= Beginning of Section =

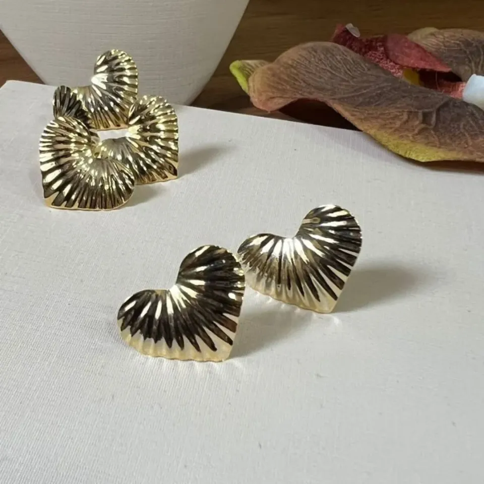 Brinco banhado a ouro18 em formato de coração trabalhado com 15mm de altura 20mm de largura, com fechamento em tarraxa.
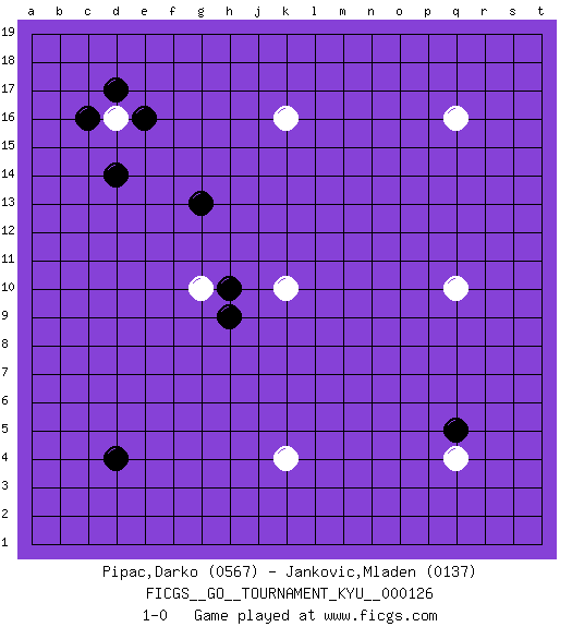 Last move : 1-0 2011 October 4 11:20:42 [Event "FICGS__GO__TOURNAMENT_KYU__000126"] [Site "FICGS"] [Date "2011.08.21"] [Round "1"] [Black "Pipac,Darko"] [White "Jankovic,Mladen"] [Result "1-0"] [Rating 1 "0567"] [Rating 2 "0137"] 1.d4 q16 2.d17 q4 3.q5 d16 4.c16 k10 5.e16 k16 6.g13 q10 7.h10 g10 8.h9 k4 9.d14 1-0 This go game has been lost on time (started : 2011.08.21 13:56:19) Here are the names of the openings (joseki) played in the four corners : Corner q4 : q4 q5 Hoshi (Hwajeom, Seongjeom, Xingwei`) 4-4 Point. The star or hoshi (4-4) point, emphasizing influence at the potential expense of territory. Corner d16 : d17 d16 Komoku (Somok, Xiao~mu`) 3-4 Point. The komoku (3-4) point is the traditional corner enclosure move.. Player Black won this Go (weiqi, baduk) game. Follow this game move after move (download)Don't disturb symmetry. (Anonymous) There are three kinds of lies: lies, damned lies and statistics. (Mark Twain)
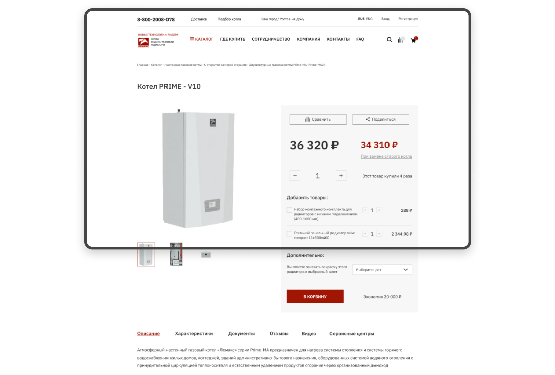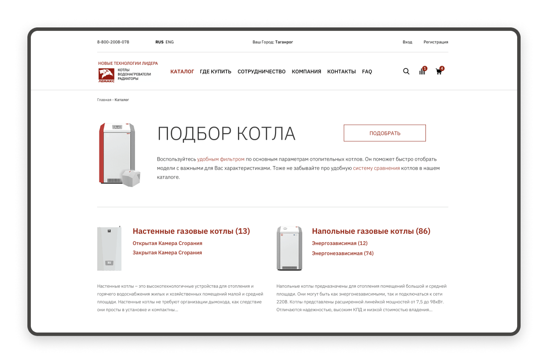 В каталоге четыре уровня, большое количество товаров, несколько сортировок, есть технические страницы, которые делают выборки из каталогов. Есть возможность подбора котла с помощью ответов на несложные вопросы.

= End of Section =
= Beginning of Section =

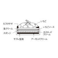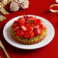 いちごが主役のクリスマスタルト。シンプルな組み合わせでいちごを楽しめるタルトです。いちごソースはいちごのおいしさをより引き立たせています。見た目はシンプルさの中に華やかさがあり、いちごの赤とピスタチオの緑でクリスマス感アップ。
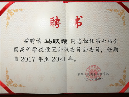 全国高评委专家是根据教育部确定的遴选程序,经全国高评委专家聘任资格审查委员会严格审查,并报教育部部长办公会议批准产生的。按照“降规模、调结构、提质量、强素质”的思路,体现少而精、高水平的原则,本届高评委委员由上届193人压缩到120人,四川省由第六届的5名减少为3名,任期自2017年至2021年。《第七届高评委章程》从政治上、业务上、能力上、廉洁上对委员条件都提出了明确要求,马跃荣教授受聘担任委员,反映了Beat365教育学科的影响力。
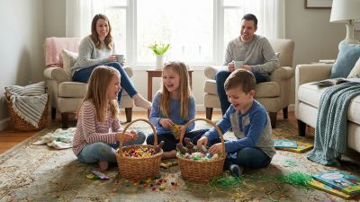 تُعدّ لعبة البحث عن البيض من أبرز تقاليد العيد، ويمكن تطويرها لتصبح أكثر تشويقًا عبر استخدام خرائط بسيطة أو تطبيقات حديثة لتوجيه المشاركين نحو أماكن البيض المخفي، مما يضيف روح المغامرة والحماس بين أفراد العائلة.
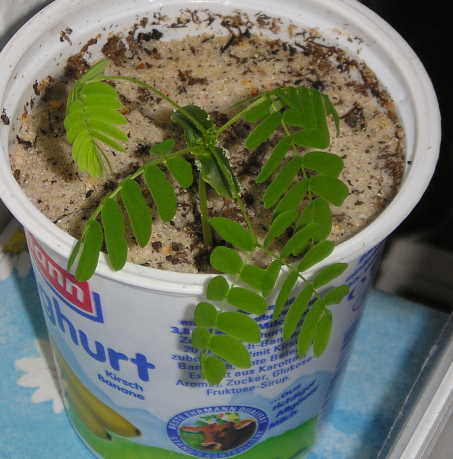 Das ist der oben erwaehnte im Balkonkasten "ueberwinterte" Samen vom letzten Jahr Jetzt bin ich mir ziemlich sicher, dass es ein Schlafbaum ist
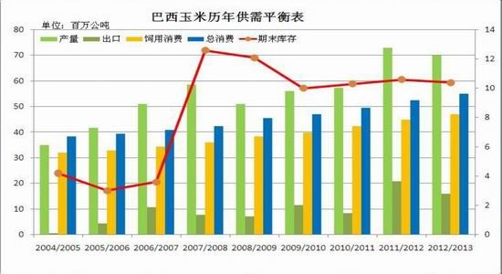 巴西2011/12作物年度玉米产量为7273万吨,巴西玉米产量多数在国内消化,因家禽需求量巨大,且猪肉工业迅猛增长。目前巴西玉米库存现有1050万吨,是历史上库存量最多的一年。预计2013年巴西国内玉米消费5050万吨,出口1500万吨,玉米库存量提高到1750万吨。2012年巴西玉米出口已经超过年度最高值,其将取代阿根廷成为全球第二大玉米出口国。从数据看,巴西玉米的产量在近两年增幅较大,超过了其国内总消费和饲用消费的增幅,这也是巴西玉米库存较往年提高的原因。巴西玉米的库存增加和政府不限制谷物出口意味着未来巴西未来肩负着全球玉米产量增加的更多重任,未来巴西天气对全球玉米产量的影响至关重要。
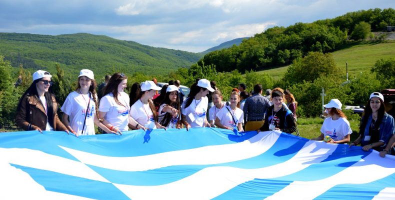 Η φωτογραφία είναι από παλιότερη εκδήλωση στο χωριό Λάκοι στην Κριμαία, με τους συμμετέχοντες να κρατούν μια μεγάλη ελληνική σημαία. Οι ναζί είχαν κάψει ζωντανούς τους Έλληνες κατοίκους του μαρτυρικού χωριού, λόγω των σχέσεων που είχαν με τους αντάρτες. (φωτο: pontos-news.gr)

= End of Section =

What the task requires:
Return exactly the lines of the material above, starting at the line containing "いちごが主役のクリスマスタル" and finishing at the line containing "تُعدّ لعبة البحث", without any pictures.

Task answer:
 いちごが主役のクリスマスタルト。シンプルな組み合わせでいちごを楽しめるタルトです。いちごソースはいちごのおいしさをより引き立たせています。見た目はシンプルさの中に華やかさがあり、いちごの赤とピスタチオの緑でクリスマス感アップ。
 全国高评委专家是根据教育部确定的遴选程序,经全国高评委专家聘任资格审查委员会严格审查,并报教育部部长办公会议批准产生的。按照“降规模、调结构、提质量、强素质”的思路,体现少而精、高水平的原则,本届高评委委员由上届193人压缩到120人,四川省由第六届的5名减少为3名,任期自2017年至2021年。《第七届高评委章程》从政治上、业务上、能力上、廉洁上对委员条件都提出了明确要求,马跃荣教授受聘担任委员,反映了Beat365教育学科的影响力。
 تُعدّ لعبة البحث عن البيض من أبرز تقاليد العيد، ويمكن تطويرها لتصبح أكثر تشويقًا عبر استخدام خرائط بسيطة أو تطبيقات حديثة لتوجيه المشاركين نحو أماكن البيض المخفي، مما يضيف روح المغامرة والحماس بين أفراد العائلة.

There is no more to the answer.